Data provided.
= Beginning of Section =

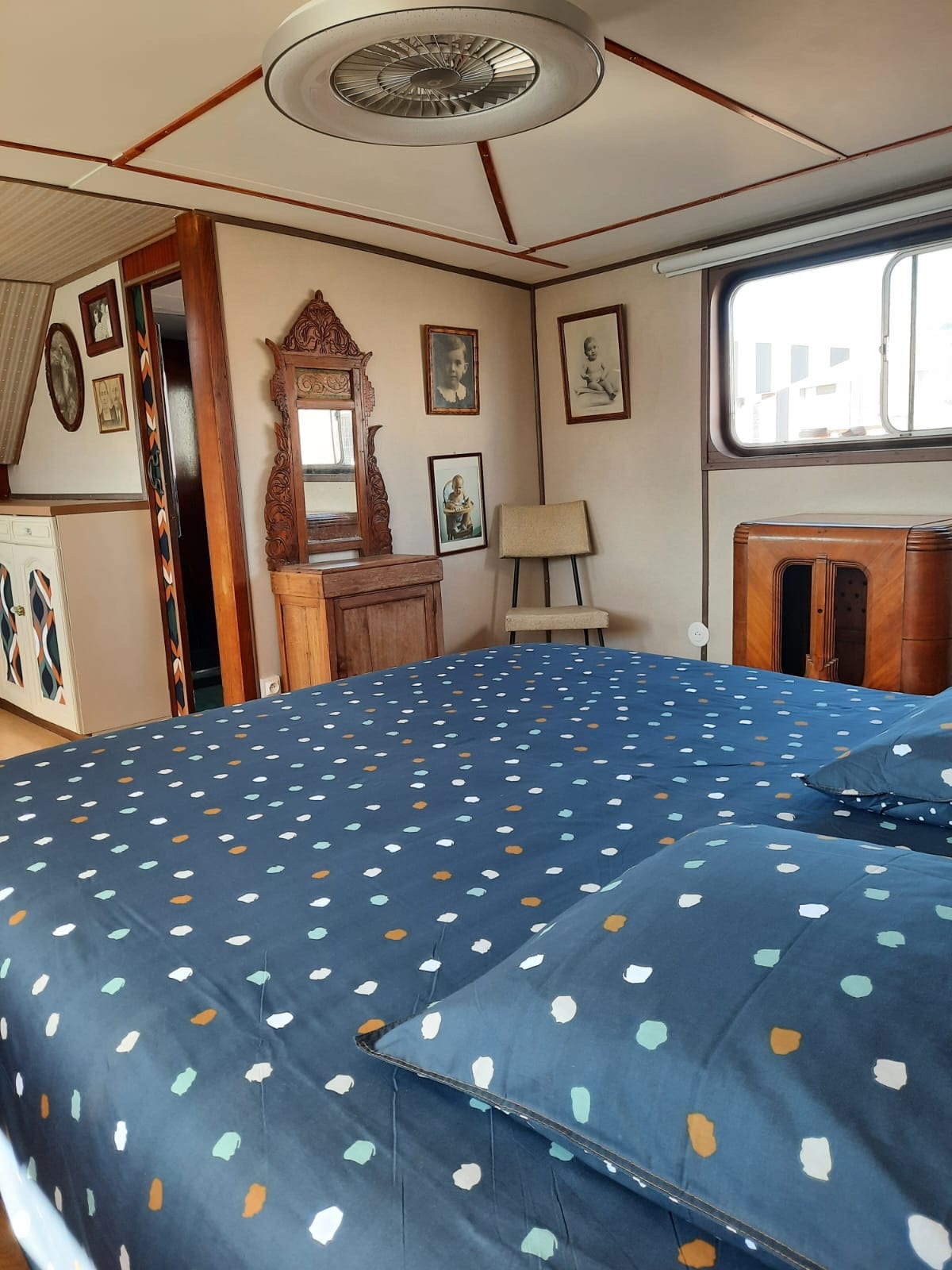 La Péniche Petite Annick vous accueille dans l'ancien carré du Marinier. Transformé en confortable appartement de plus de 50m2, ce duplex peut accueillir jusqu'à 5 personnes. La chambre spacieuse avec son lit king-size est agrémentée d'un boudoir doté d'un lit d'appoint, ouvrant sur la salle de bain avec toilettes et colonne hydro-massante. A l'étage, la cuisine, le coin salon avec son canapé lit en 140, l'espace repas et la terrasse vous offriront une vue imprenable sur le port de plaisance.
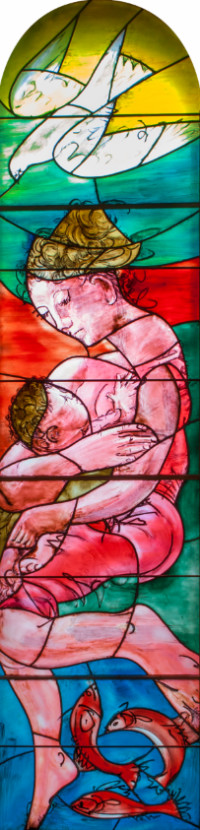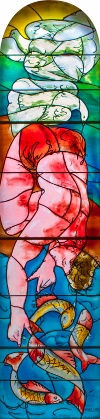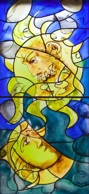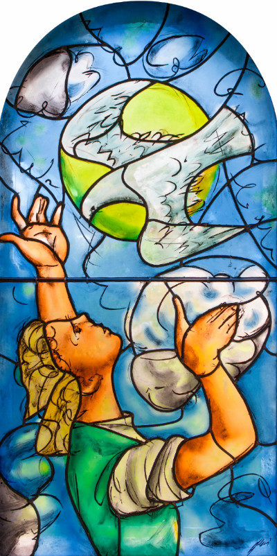 Réalisés en quatre étapes sur trois ans, les vitraux possèdent une unité étonnante et créent une atmosphère particulière. Inspiré par le lieu, l’artiste a organisé cet ensemble en vue du but principal : créer un espace de recueillement et de paix.
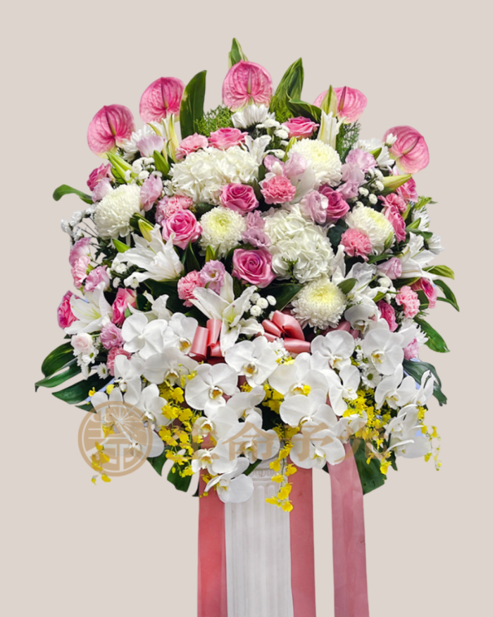 我們提供全台配送花禮服務,專營高架花籃、靈堂花籃、告別式花籃與各式追思會花籃,款式涵蓋白色高架花籃、白百合花籃、粉色系喪禮花籃等熱門選擇。
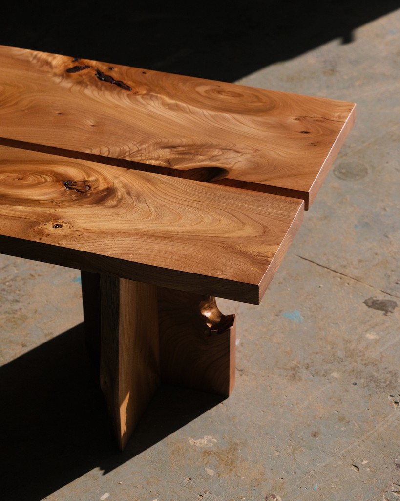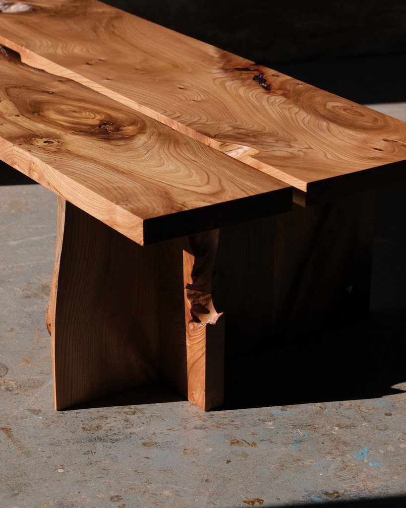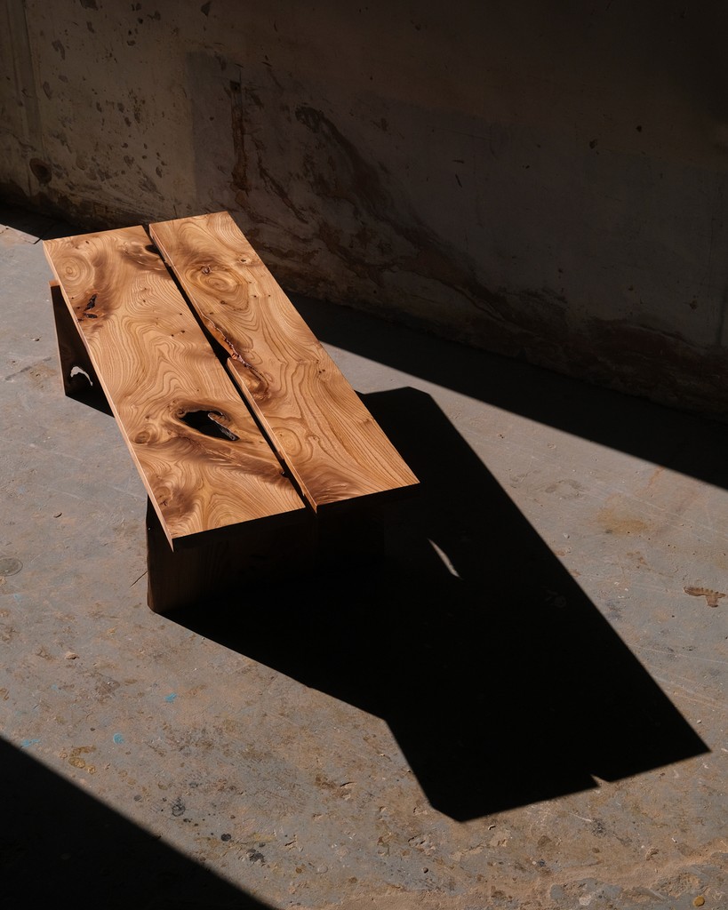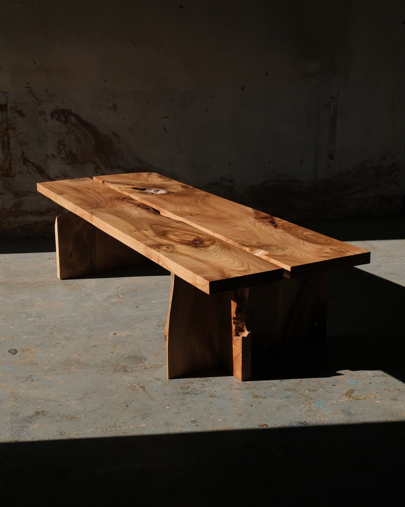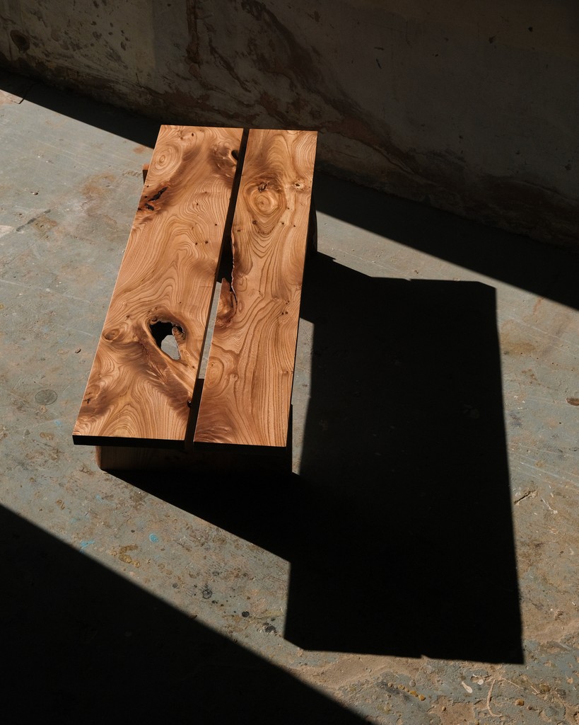This low coffee table continues the collection’s dialogue between raw material and refined form. Composed of two Elm panels split by a central gap, the piece balances sharp, geometric lines with the wild, swirling grain of the timber. A mix of straight and waney edges allows the wood’s irregular character to stand against the clean planes of the top. The design remains simple and minimal, giving space for the Elm’s natural movement and the striking voids left by Dutch Elm Disease to take centre stage.

= End of Section =

Description of the task.
The answer is to be the lines of the listing from the first through the one with "Réalisés en quatre", reproduced exactly, without any pictures.

The completed task.
 La Péniche Petite Annick vous accueille dans l'ancien carré du Marinier. Transformé en confortable appartement de plus de 50m2, ce duplex peut accueillir jusqu'à 5 personnes. La chambre spacieuse avec son lit king-size est agrémentée d'un boudoir doté d'un lit d'appoint, ouvrant sur la salle de bain avec toilettes et colonne hydro-massante. A l'étage, la cuisine, le coin salon avec son canapé lit en 140, l'espace repas et la terrasse vous offriront une vue imprenable sur le port de plaisance.
 Réalisés en quatre étapes sur trois ans, les vitraux possèdent une unité étonnante et créent une atmosphère particulière. Inspiré par le lieu, l’artiste a organisé cet ensemble en vue du but principal : créer un espace de recueillement et de paix.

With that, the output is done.